Beavers QB Luton looks back, and ahead
Jake Luton's senior season at Oregon State was a rousing success, and his postseason hasn't been bad, either.
Already named to participate in a pair of all-star games — the NFLPA Collegiate Bowl in the Rose Bowl on Jan. 18 and the Hula Bowl in Honolulu on Jan. 26 — Luton was last week honored as the FBS recipient of the Mayo Clinic National Comeback Player of the Year Award.
The 6-7, 225-pound Luton will join FCS winner Drew Wilson of Georgia Southern and Division III recipient Octavion Wilson for an award presentation at the Fiesta Bowl on Saturday in Phoenix.

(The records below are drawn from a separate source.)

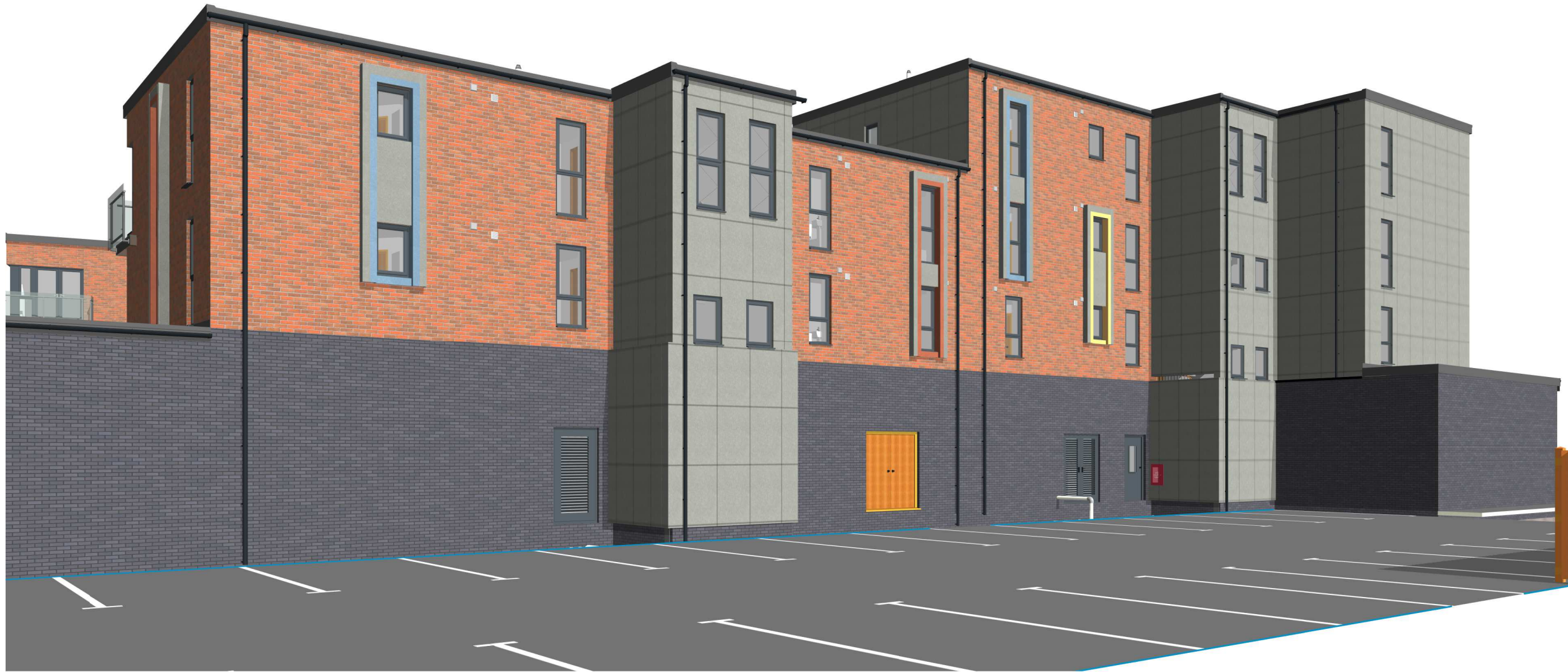
03 BLOCK C & D - VIEW 3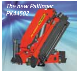
The new Palfinger PK44502

Towards the top of the range, the 85.5 tonne/metre PK 92002 SH will be the largest of Palfinger's three model SH range. It offers up to nine hydraulic extensions and a maximum outreach of 22.5 metres. Crammed full of Palfinger's crane technology it includes the double slewing system, maintenance-free boom system, high performance stability control - HPSC - and Power Link Plus. A new addition is the electronic position damper - Soft Stop - which 'cushion stops' all crane movements before the mechanical end stop is reached, preventing jerky movements and collisions caused by swinging loads.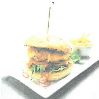
Gourmet Beef Burger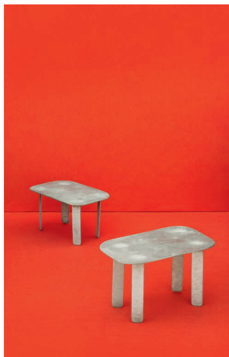
Hors Pistes, Tables and Stools, Ouagadougou project, 2014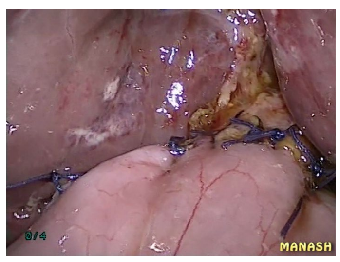
Figure 3. Completed hepaticojejunostomy.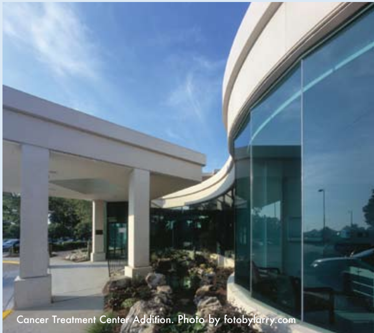
Cancer Treatment Center Addition.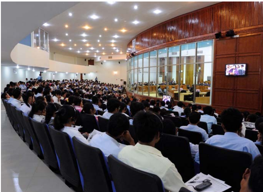
Not a single seat of the public gallery will remain empty on July 26 for the judgment in Case 001 against Kaing Guek Eav alias Duch (pictured right)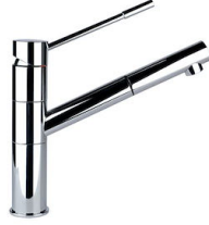
Mixer Tap Lorenzo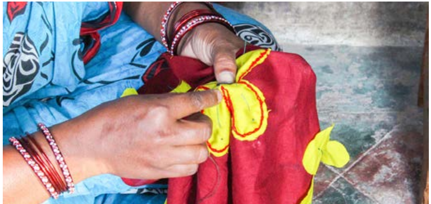
Once the embroidery is done, the metal hoop ring and the random stitch is removed.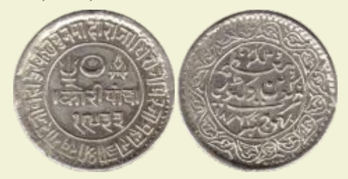
121 Khengarji III, Silver, 5 Koris, with name of Queen Victoria, VS 1933, AD 1876, Bhujnagar mint, Milled edge (Rajgor# 191.1). The Very First issue of Khengarji III.Extremely Fine+, Rare.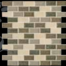
Meadow Mist AU31 1 x 2 Brick-joint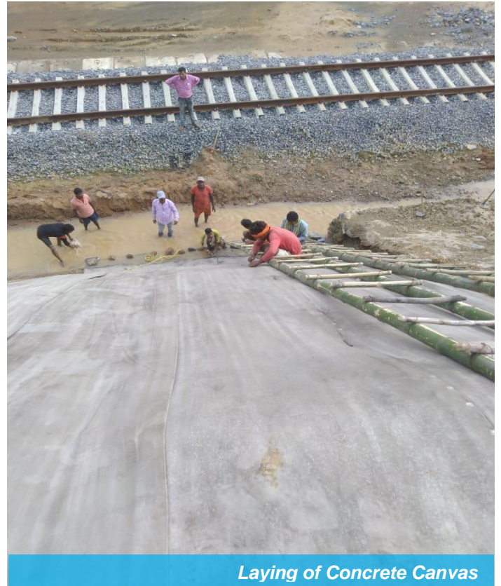
Laying of Concrete Canvas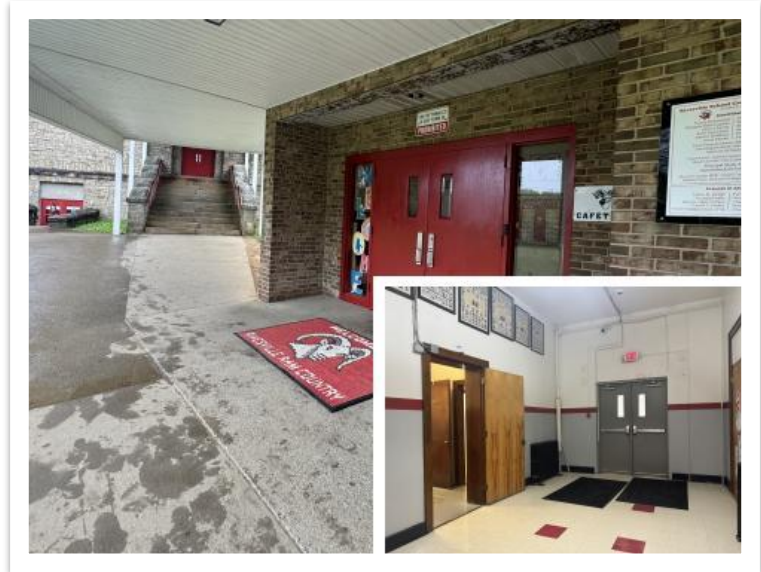
At Rivesville MS, the stairs will remain to access the new main office. Cafeteria and gym buildings will still be exposed spaces.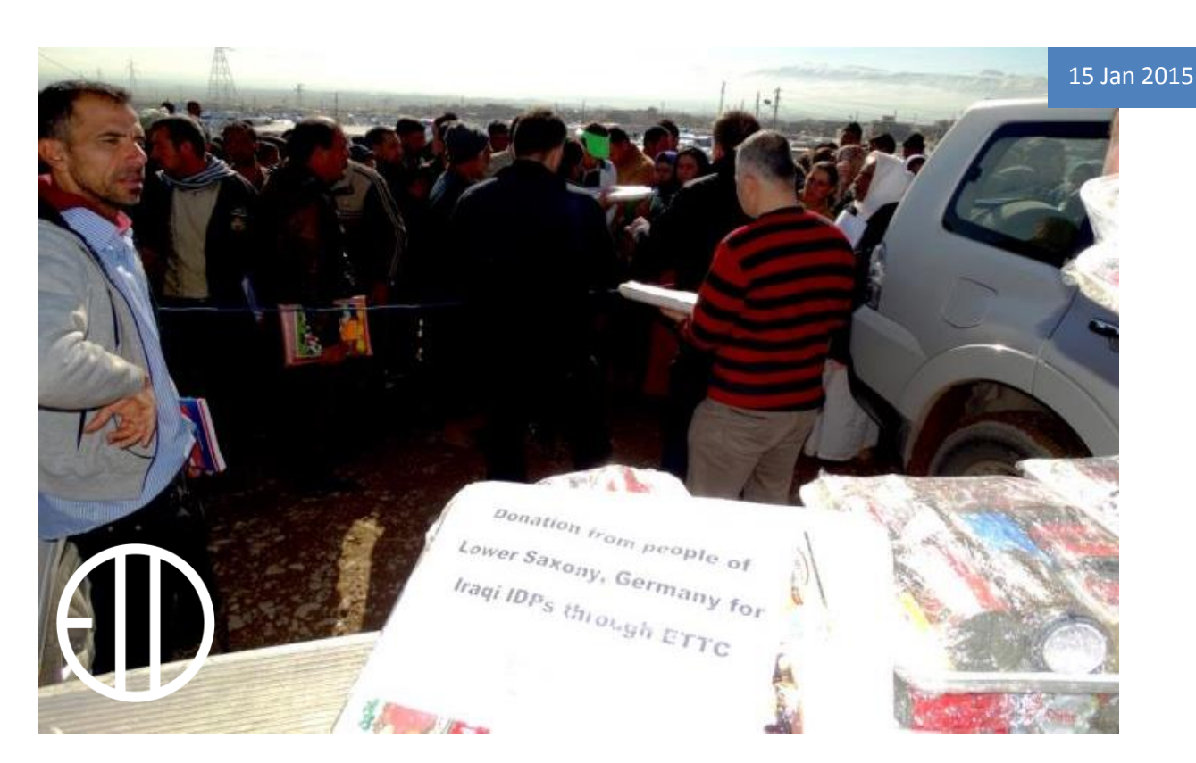
IDPs lined up to receive the food packages donated by the people of Lower Saxony, Germany

ETTC to provide the third humanitarian aid in Suleimaniyah for the IDPs donated by the people of Lower Saxony, Germany. The package contained canned food for 1250 families.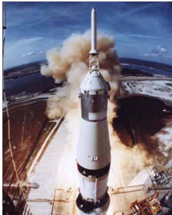
Apollo 11 rockets into space, carrying the men who will be the first on the moon.

July 16-20, 1969 Apollo 11 was launched on July 16, 1969. On July 20, it landed on the surface of the moon. Astronauts Neil Armstrong and Buzz Aldrin walked on the moon.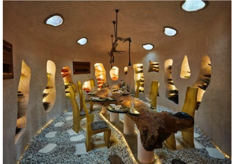
Restaurant and underwater wine cellar.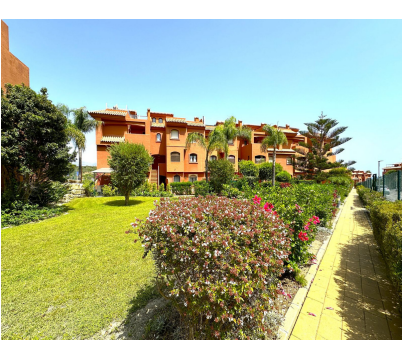
Ref.-ID: R4816249 Community: 1,800 EUR / year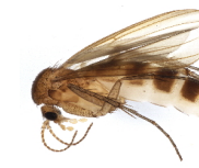
BIOUG06564-C11 [Lateral] Mycetophila BIN URI: BOLD:ACJ0451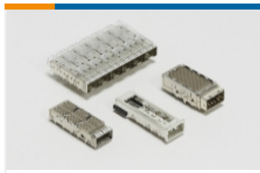
Pluggable IO Connectors &amp; Cages(424)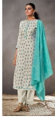
D. No. 3053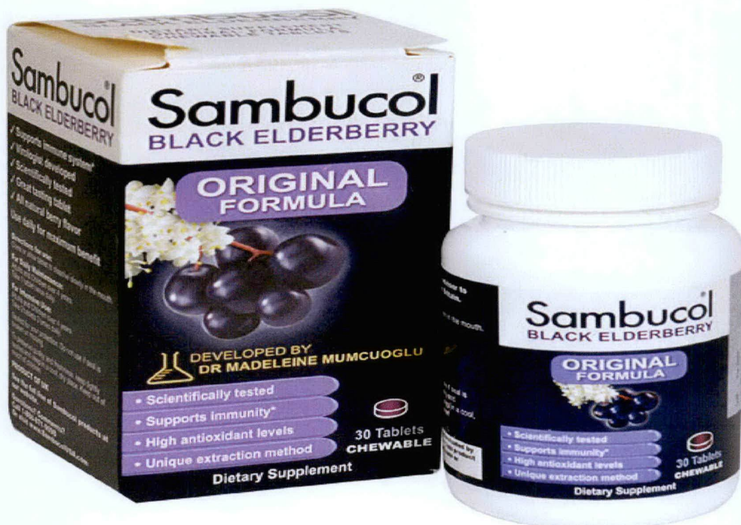
Figure 5. Unregistered SAMBUCOL Black Elderberry Original Formula Dietary Supplement Chewable Tablet (30 chewable tablet x bottle x box)

"I feel really honored," Luton said via phone from Marysville, Washington, where he is visiting his family for Christmas. "A lot of cool things have happened ths year, but this one is really special to me.
"It's been a long road for me at Oregon State — a lot of ups and downs. Having to persevere through some things, to be recognized like this feels pretty good."
After arriving as a transfer from Ventura (California) JC, Luton's junior season in 2017 was cut short in the fourth game at Washington State, when he suffered a thoracic spine fracture in the second half against the Cougars.
He recovered to become the Beavers' starter the following season and, on the third play from scrimmage in the opener against Ohio State, sustained a concussion. He was cleared for duty the following week and played as a reserve against Southern Utah. The next week, he suffered a high ankle sprain that kept him out of action for the next four games.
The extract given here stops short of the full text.